I don't see your name, so this essentially anonymous -but I'll mention
one thing
Maintenance. How many places do you have the same code in many of them?
Of course, we shouldn't do that, but we probably do. When a change is
needed, there is just one place - the service program - that needs changing.
Now YMMV - depends on a number of things, one of which I hinted at above.

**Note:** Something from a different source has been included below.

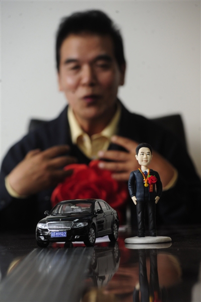 赵长起收到同事们为他准备的退休礼物——车辆和他本人的模型。
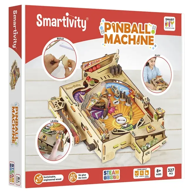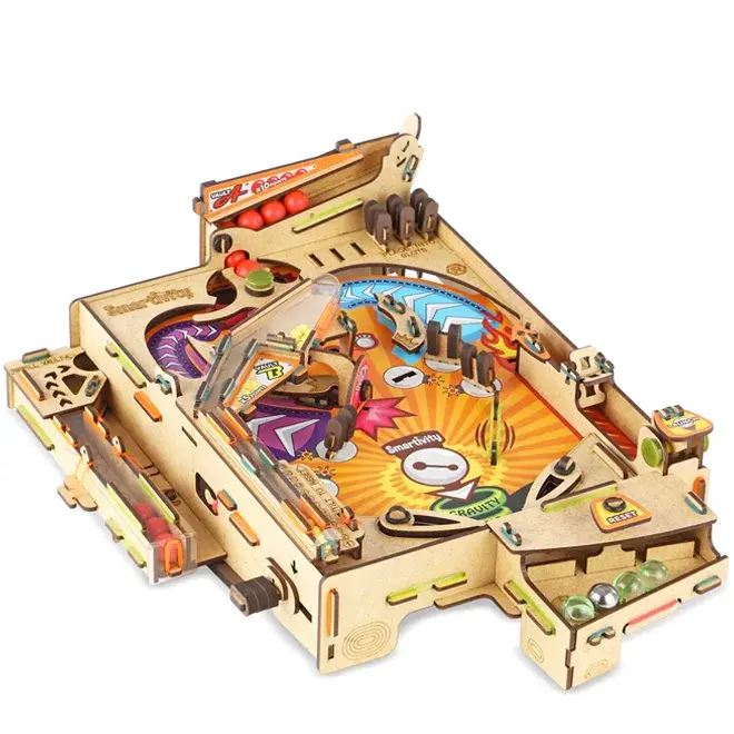 De Smartivity Pinball Machine is een educatieve bouwset waarmee kinderen vanaf 8 jaar hun eigen houten flipperkast kunnen maken.

The other answers to this have been around the world many times -
anything related to more structured, modular programming techniques,
applies to this question.
You mention all these "binding" things - I find that it is a bit of FUD
just to list them. Once you've set up bindery language, you're done, and
additions are easy to do. Statid vs dynamic vs by reference - you
basically choose one, and you're done again.
Another one? Object size.
Another one? Just compiling CL programs as ILE gives you a great
performance boost with almost no effort - great ROI. Why NOT take the
low-hanging fruit?
Others will have more to add.
<not-letting-you-know-this-is-vern>
:)
On 2/3/2013 7:17 PM, w 4038 wrote:
What good is ILE??
Before ILE, if you needed to call program B from program A, a simple CALL statement did the job.
All you had to worry about was the library list and it was up to you to pass parameters correctly.
Then IBM introduced ILE.
Now you can worry about, Activation Groups,Binding Directories, Binder Language, subprocedures, service programs, Static Binding, Dynamic Binding, Bind by Reference and some I can't recall right now.
Sure, it's nice that the compile checks to ensure that passed parameters match, but what other benefits are there? The benefit isn't speed. Newer hardware resolves that.
All the complexity just increases the potential for coding errors.
So I ask great minds of the Midrange List, what good is ILE?